Я согласилась и он ушел. Что тут можно было сказать или сделать? Он разжевал мне все и положил в рот, образно говоря, как слабоумной. Умный дядька и очень опасный. От него просто мороз шел по коже. Я не сомневалась, что он костьми ляжет, чтобы не допустить меня на трон. Как будто я к этому стремилась…
Я действительно сразу не поверила ему, что Ярослав отказался от меня. Но это его предложение посмотреть… я посмотрю. Чего-то такого я и ожидала, никак не решаясь сделать шаг навстречу. И то, что, похоже, оказалась права, меня совсем не радовало.
Я опять потянулась к нему, я решилась, больше того — я поверила. Он убедил меня и словами и действиями в своем чувстве. Возможно даже, что он был искренен тогда, но сейчас соблазн оказался слишком велик — трон, власть, экзотика, сказка. Он согласился с этим их обнюхиванием и даже поцелуем? Это меняло все. Если это правда, то смысл настаивать, как тот сказал? Нет никакого смысла. А то, что внутри все сжалось и замерло, готовясь болеть…

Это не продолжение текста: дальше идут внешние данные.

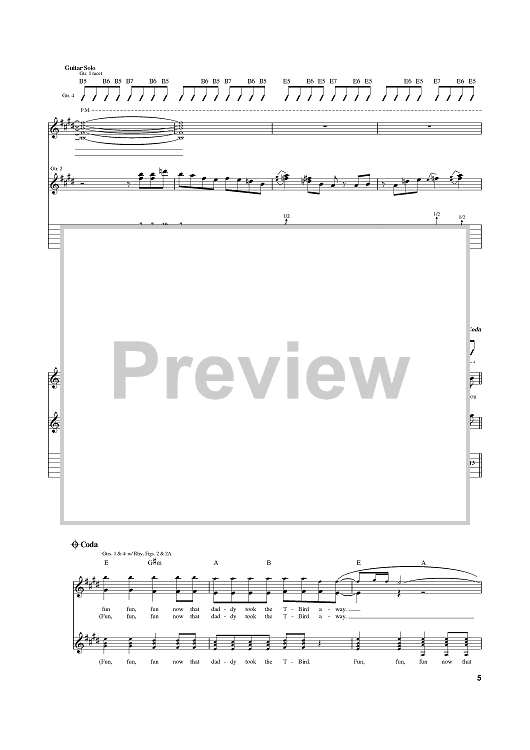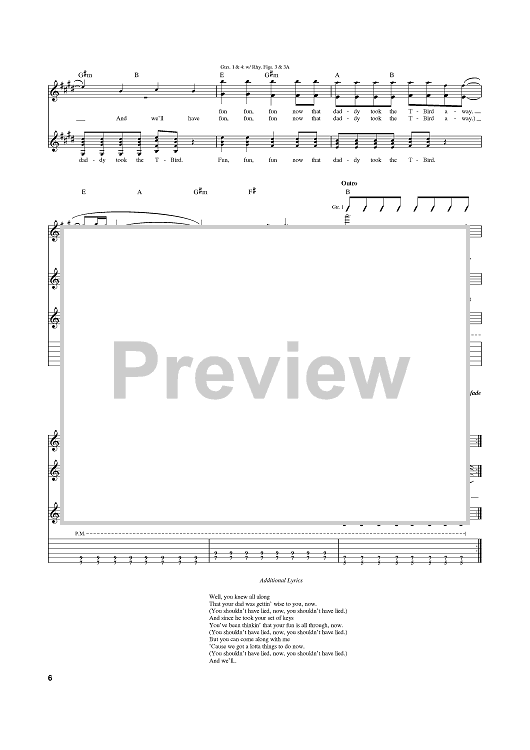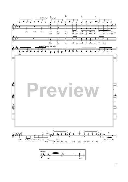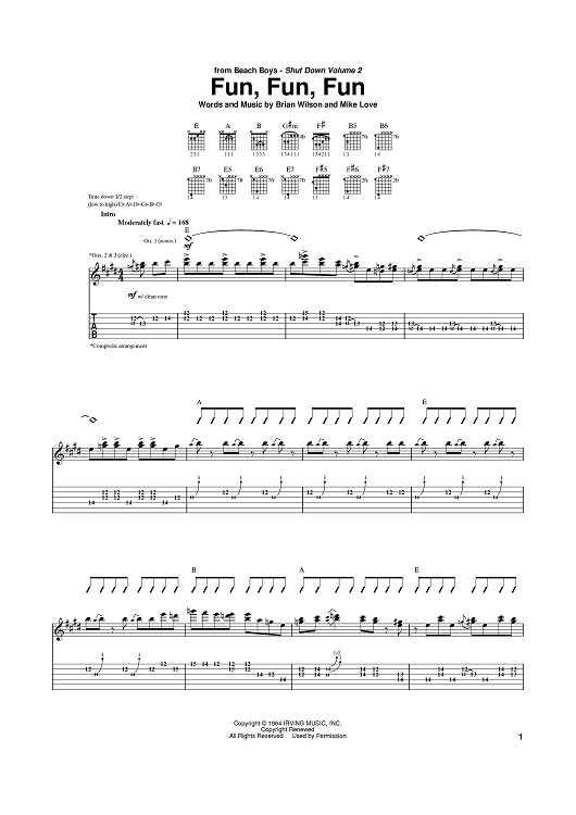 Digital Sheet Music for Fun, Fun, Fun by Brian Wilson, The Beach Boys, Mike Love scored for Guitar Tab; id:368947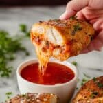 - Cool and Serve: Transfer strombolis to a wire rack to cool for 5 minutes. Slice into 2-inch pieces and serve warm with pizza sauce for dipping.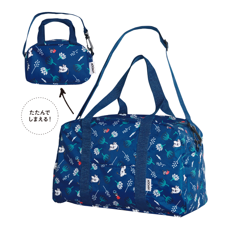 大人気の「ムーミン」から、おしゃれでビッグなボストンバッグが誕生しました。コンパクトに折りたためて、付属のお揃い柄ポーチに収納できるので、どこへでも持ち運べます!大人のスタイルにマッチするシックなカラー使いもうれしい。さまざまなシーンで大活躍間違いなしのアイテムです!
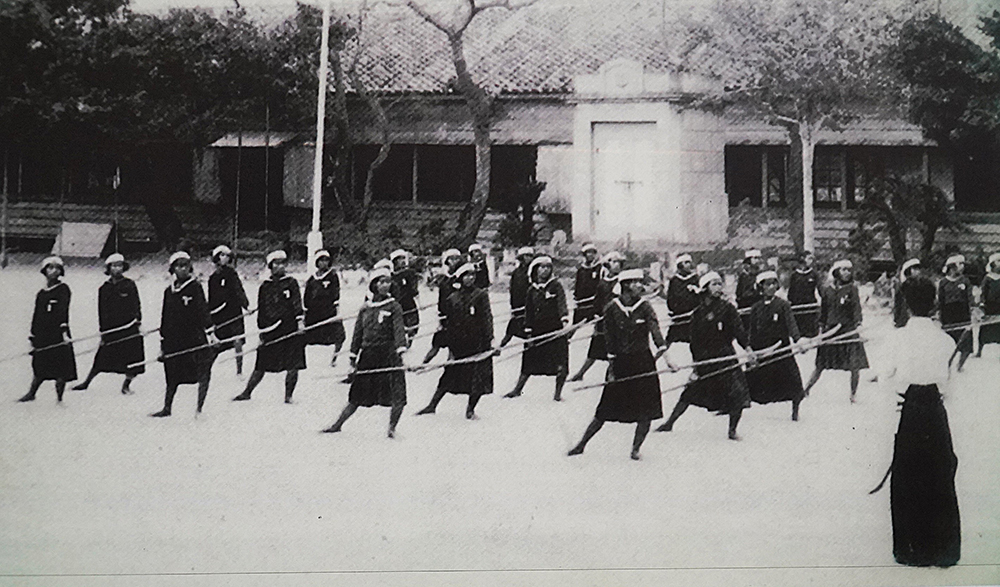 花徳小が保存していた昭和16年頃のなぎなた訓練の写真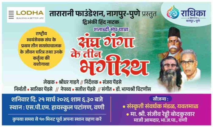 рд╡рд┐рджрд░реНрдн рдХреА рдкрд╛рд╡рди рдзрд░рд╛ рд╡рдгреА рд╢рд╣рд░ рдПрдХ рдРрддрд┐рд╣рд╛рд╕рд┐рдХ рд╕рд╛рдВрд╕реНрдХреГрддрд┐рдХ рдПрд╡рдВ рд╡реИрдЪрд╛рд░рд┐рдХ рд╕рдВрдзреНрдпрд╛ рдХрд╛ рд╕рд╛рдХреНрд╖реА рдмрдирдиреЗ рдЬрд╛ рд░рд╣рд╛ рд╣реИред рд░рд╛рд╖реНрдЯреНрд░реАрдп рд╕реНрд╡рдпрдВрд╕реЗрд╡рдХ рд╕рдВрдШ (RSS) рдХреЗ рд╢рддрд╛рдмреНрджреА рд╡рд░реНрд╖ рдХреЗ рдЙрдкрд▓рдХреНрд╖реНрдп рдореЗрдВ, рд╕рдВрдШ рдХреЗ рдЖрдзрд╛рд░ рд╕реНрддрдВрдн рд░рд╣реЗ рдкреНрд░рдердо рддреАрди рд╕рд░рд╕рдВрдШрдЪрд╛рд▓рдХреЛрдВ рдХреЗ рдЬреАрд╡рди рдФрд░ рд╕рдВрдШрд░реНрд╖ рдкрд░ рдЖрдзрд╛рд░рд┐рдд рдорд╣рд╛рдирд╛рдЯреНрдп ‘рд╕рдВрдШ рдЧрдВрдЧрд╛ рдХреЗ рддреАрди рднрдЧреАрд░рде’ рдХрд╛ рдордВрдЪрди рдЖрдЧрд╛рдореА рд╢рдирд┐рд╡рд╛рд░, 21 рдорд╛рд░реНрдЪ 2026 рдХреЛ рд╣реЛрдиреЗ рдЬрд╛ рд░рд╣рд╛ рд╣реИред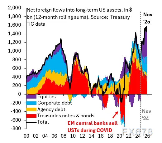 下图显示,流入美国资产的外资非常强劲,这不禁让人产生疑问:既然有这么多人在买入美国资产,美元怎么可能持续下跌呢?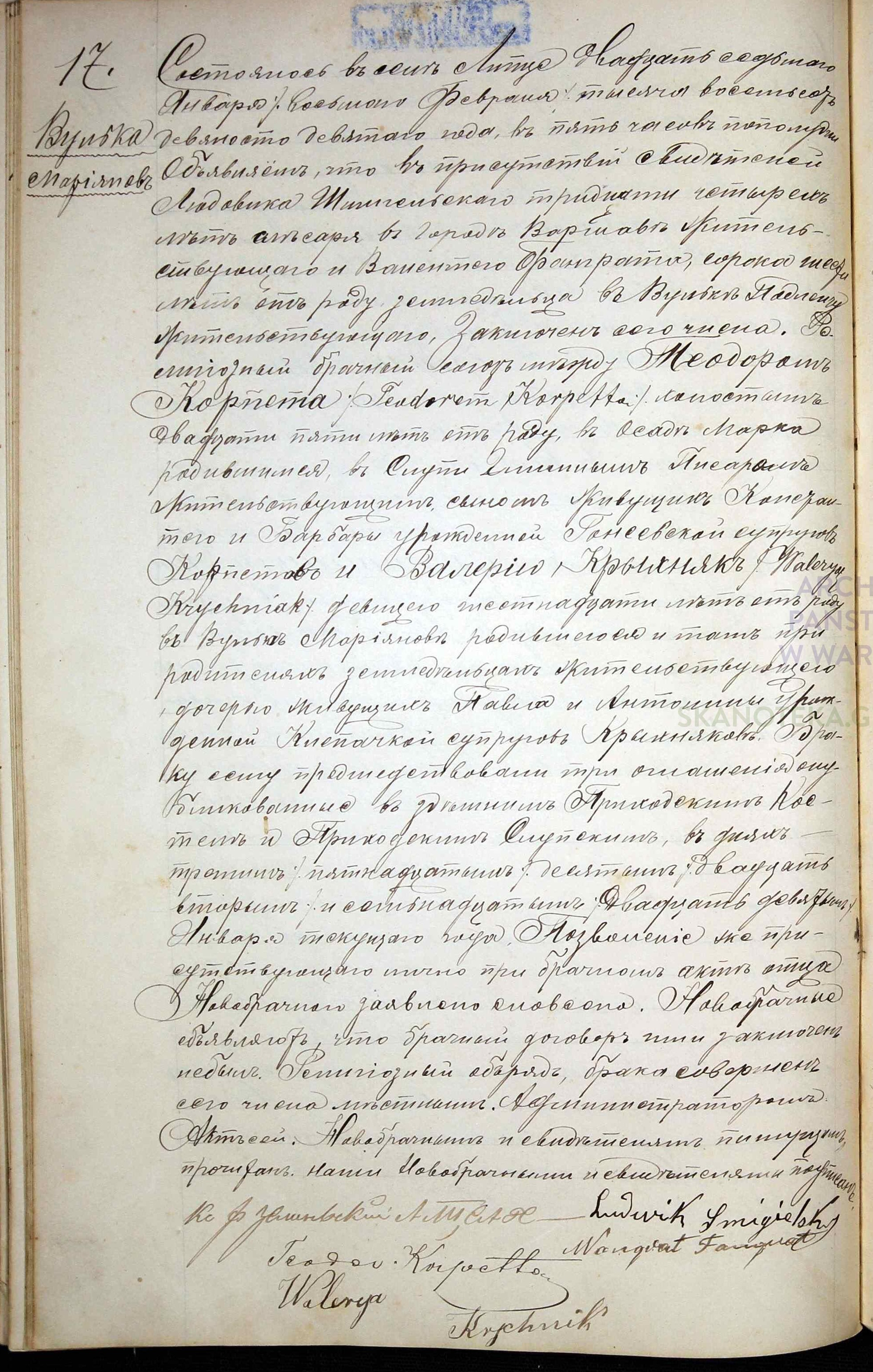 | sw.1153551 | m | Paweł | | | | | Krychniak | | | | | Akt małżeństwa: Lipce Reymontowskie (obecn. woj. łódz.), 15/1904 [indeks na http://geneteka.genealodzy.pl/] http://metryki.genealodzy.pl/metryki.php?op=kt&ar=2&zs=0998d&sy=1904&kt=2 [podgląd] |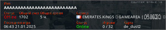 Играет на Counter Strike 1.6 сервере. Страна: ФранцияПервый раз замечен 05:12 20.01.2025

За мной пришли через некоторое время. Несмотря на настоящую ситуацию, я все равно чувствовала себя неловко рядом с мужчиной, сопровождающим меня — немытая, нечесаная, босая, в жутком одеянии, пропахшая вонью этой камеры. Это унижало, хотя и не зависело от меня.
Мы прошли довольно длинным путем по коридорам этой то ли тюрьмы, то ли крепости. Вокруг поднимались темные каменные стены. Двери, окованные металлическими полосами, встречались редко, как и отходящие в стороны узкие коридоры. Камень пола не просто холодил босые ноги, а буквально вымораживал все внутри, проникая к сердцу.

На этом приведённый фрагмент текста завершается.